For any complex \(n\times n\) matrix \(A\text{,}\) there exists a unitary matrix \(U\) such that \(U^HAU = T\) is upper-triangular, and such that the diagonal entries of \(T\) are the eigenvalues of \(A\text{.}\)
Using Schur’s Theorem, we can obtain a famous result, known as the Cayley-Hamilton Theorem, for the case of complex matrices. (It is true for real matrices as well, but we don’t yet have the tools to prove it.) The Cayley-Hamilton Theorem states that substituting any matrix into its characteristic polynomial results in the zero matrix. To understand this result, we should first explain how to define a polynomial of a matrix.
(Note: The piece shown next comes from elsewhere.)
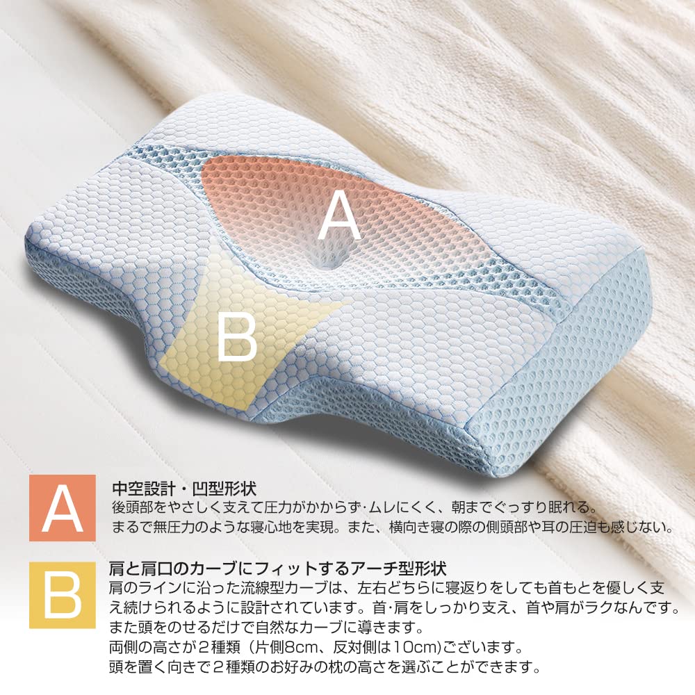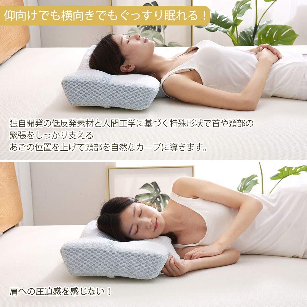 【仰向き 横向きでもラク、高さ調整可能】仰向けで寝る場合、中空設計+くぼみ形状により、頭部への圧力をかからず、寝姿勢を安定。 横向けで寝る場合、中空設計で横向き寝の際の側頭部や耳のあっぱく感を感じない。 様々な体型に配慮されたがオリジナルの枕は首を乗せる部分は左右で高さを変えてありますので、ご自分の体型に合わせて使い分けて頂けます。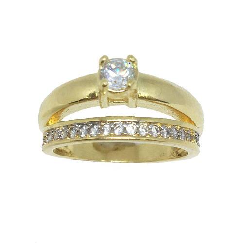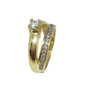 Anel Conjunto Solitário com Aparador de Zircônias Banhados a Ouro 18k com Detalhes em Ródio.

Given a polynomial \(p(x) = a_0+a_1x+\cdots + a_nx_n\text{,}\) we define \(p(A)\) as
\begin{equation*}
p(A) = a_0I+a_1A+\cdots + a_nA^n\text{.}
\end{equation*}
(Note the presence of the identity matrix in the first term, since it does not make sense to add a scalar to a matrix.) Note further that since \((P^{-1}AP)^n = P^{-1}A^nP\) for any invertible matrix \(P\) and positive integer \(n\text{,}\) we have \(p(U^HAU)=U^Hp(A)U\) for any polynomial \(p\) and unitary matrix \(U\text{.}\)
Theorem 4.4.16.
Let \(A\) be an \(n\times n\) complex matrix, and let \(c_A(x)\) denote the characteristic polynomial of \(A\text{.}\) Then we have \(c_A(A)=0\text{.}\)
Proof.
By
Theorem 4.4.15, there exists a unitary matrix
\(U\) such that
\(A = UTU^H\text{,}\) where
\(T\) is upper triangular, and has the eigenvalues of
\(A\) as diagonal entries. Since
\(c_A(A)=c_A(UTU^H)=Uc_A(T)U^H\text{,}\) and
\(c_A(x)=c_T(x)\) (since
\(A\) and
\(T\) are similar) it suffices to show that
\(c_A(A)=0\) when
\(A\) is upper-triangular. (If you like, we are showing that
\(C_T(T)=0\text{,}\) and deducing that
\(c_A(A)=0\text{.}\)) But if
\(A\) is upper-triangular, so is
\(xI_A\text{,}\) and therefore,
\(\det(xI-A)\) is just the product of the diagonal entries. That is,
\begin{equation*}
c_A(x) = (x-\lambda_1)(x-\lambda_2)\cdots (x-\lambda_n)\text{,}
\end{equation*}
so
\begin{equation*}
c_A(A) = (A-\lambda_1I)(A-\lambda_2I)\cdots (A-\lambda_nI)\text{.}
\end{equation*}
Since the first column of \(A\) is \(\bbm \lambda_1\amp 0 \amp \cdots \amp 0\ebm^T\text{,}\) the first column of \(A-\lambda_1I\) is identically zero. The second column of \(A-\lambda_2I\) similarly has the form \(\bbm k\amp 0\amp\cdots\amp 0\ebm\) for some number \(k\text{.}\)
It follows that the first two columns of \((A-\lambda_1I)(A-\lambda_2I)\) are identically zero. Since only the first two entries in the third column of \((A-\lambda_3I)\) can be nonzero, we find that the first three columns of \((A-\lambda_1I)(A-\lambda_2I)(A-\lambda_3I)\) are zero, and so on.